*** SUPPLIED DATA ***

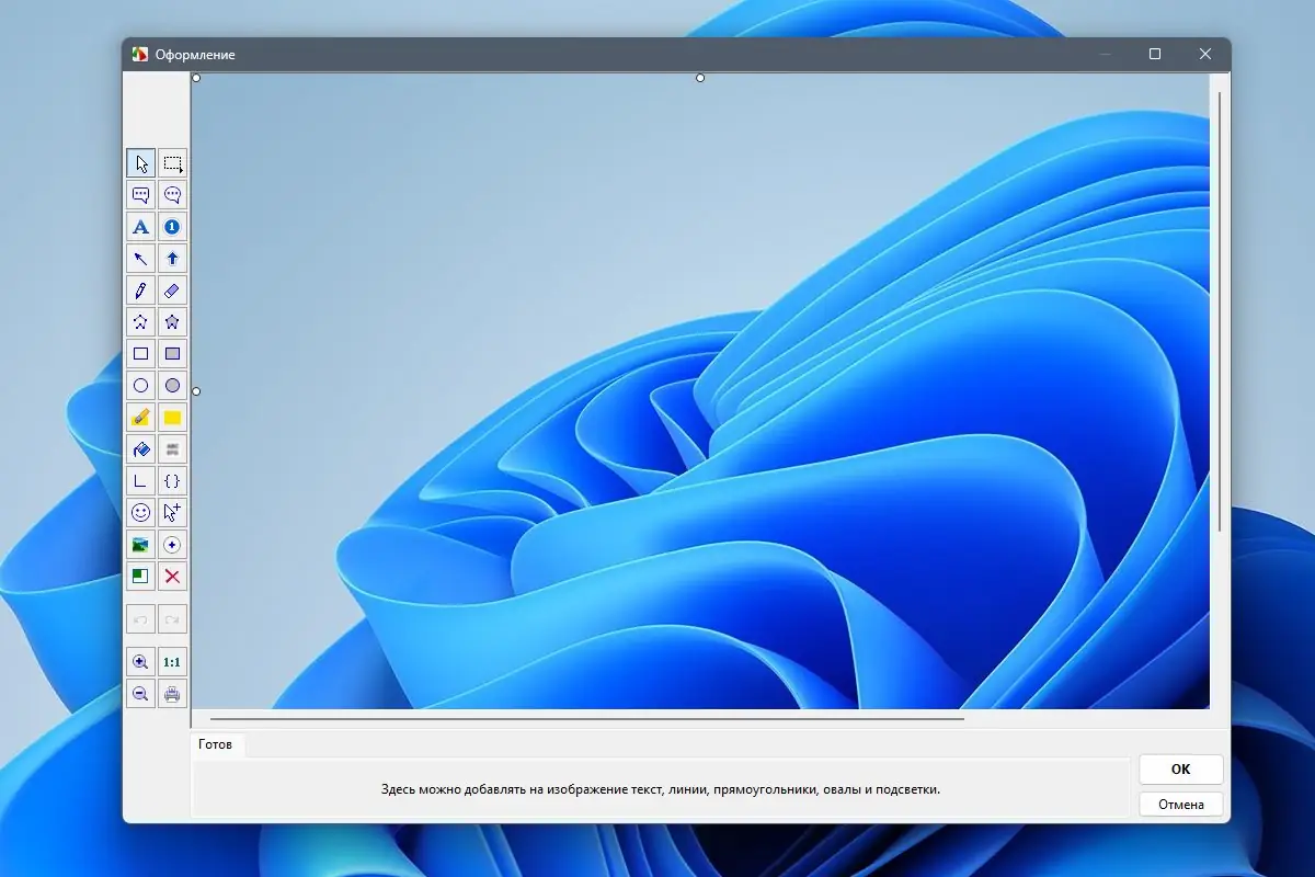 - Встроенный редактор поддерживает аннотации, добавление теней, рамок, изменение размера и цветовых параметров изображения.
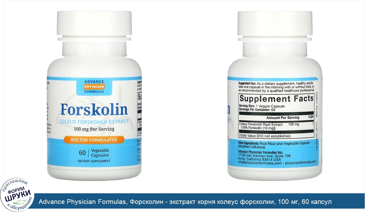 Advance Physician Formulas, Форсколин - экстракт корня колеус форсколии, 100 мг, 60 капсул
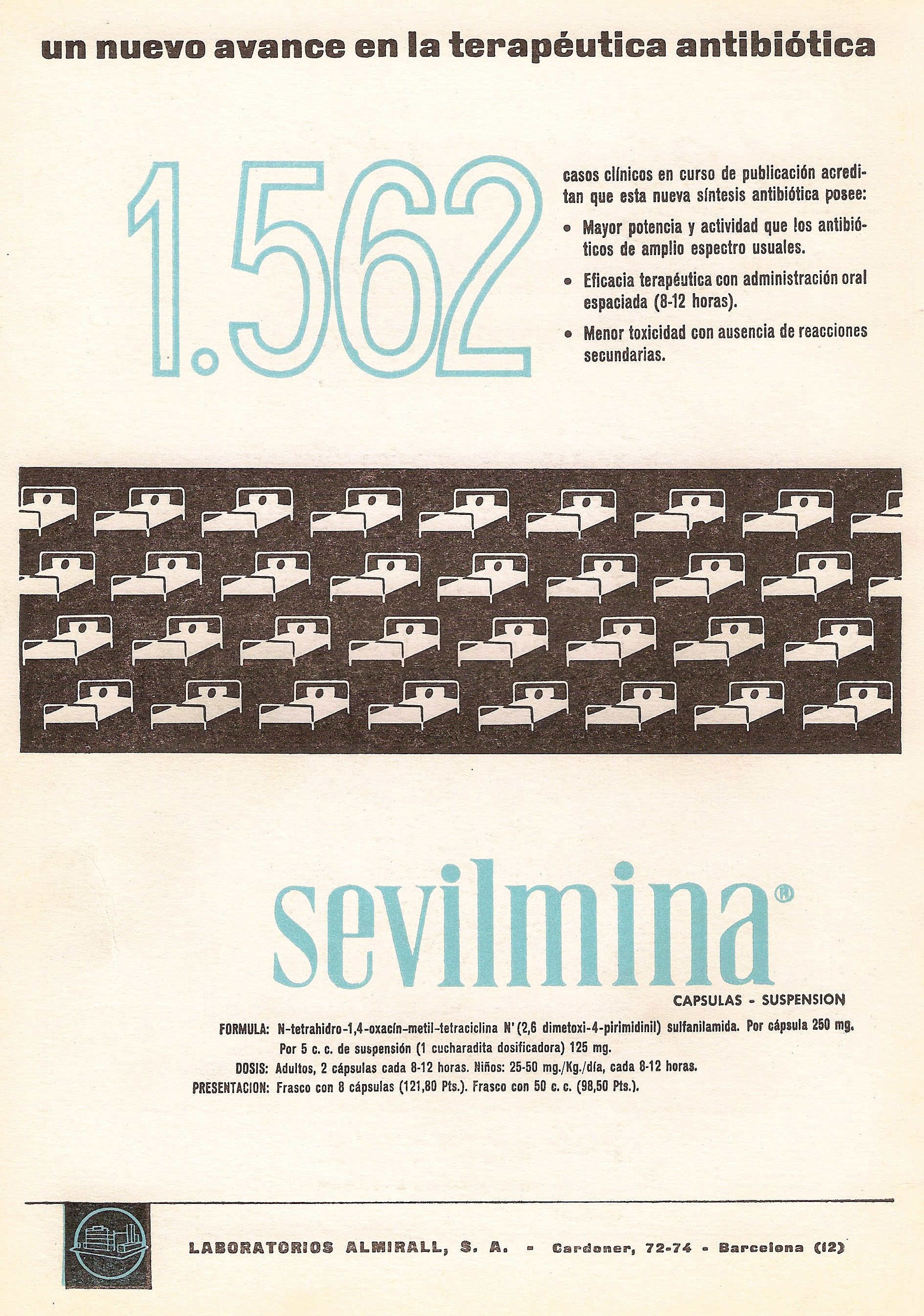Sevilmina. Nuevo avance en la terapéutica antibiotica. Laboratorios Almirall, Barcelona. Archivos de la Facultad de Medicina de Madrid, 1965.
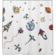 Fun Outer Space Kids Shower Curtain - Features a collection of objects your little space fan might find in outer space-- rocket ships, UFOs, planets, satellites, stars, moons and even earth! It is seen here with a white background, but the background can be changed or a beautiful starry night background can be activated.

*** End of SUPPLIED DATA ***

• TASK DIRECTIONS
The answer should be the complete listing, set down exactly, without pictures.

• WRITTEN ANSWER
 - Встроенный редактор поддерживает аннотации, добавление теней, рамок, изменение размера и цветовых параметров изображения.
 Advance Physician Formulas, Форсколин - экстракт корня колеус форсколии, 100 мг, 60 капсул
Sevilmina. Nuevo avance en la terapéutica antibiotica. Laboratorios Almirall, Barcelona. Archivos de la Facultad de Medicina de Madrid, 1965.
 Fun Outer Space Kids Shower Curtain - Features a collection of objects your little space fan might find in outer space-- rocket ships, UFOs, planets, satellites, stars, moons and even earth! It is seen here with a white background, but the background can be changed or a beautiful starry night background can be activated.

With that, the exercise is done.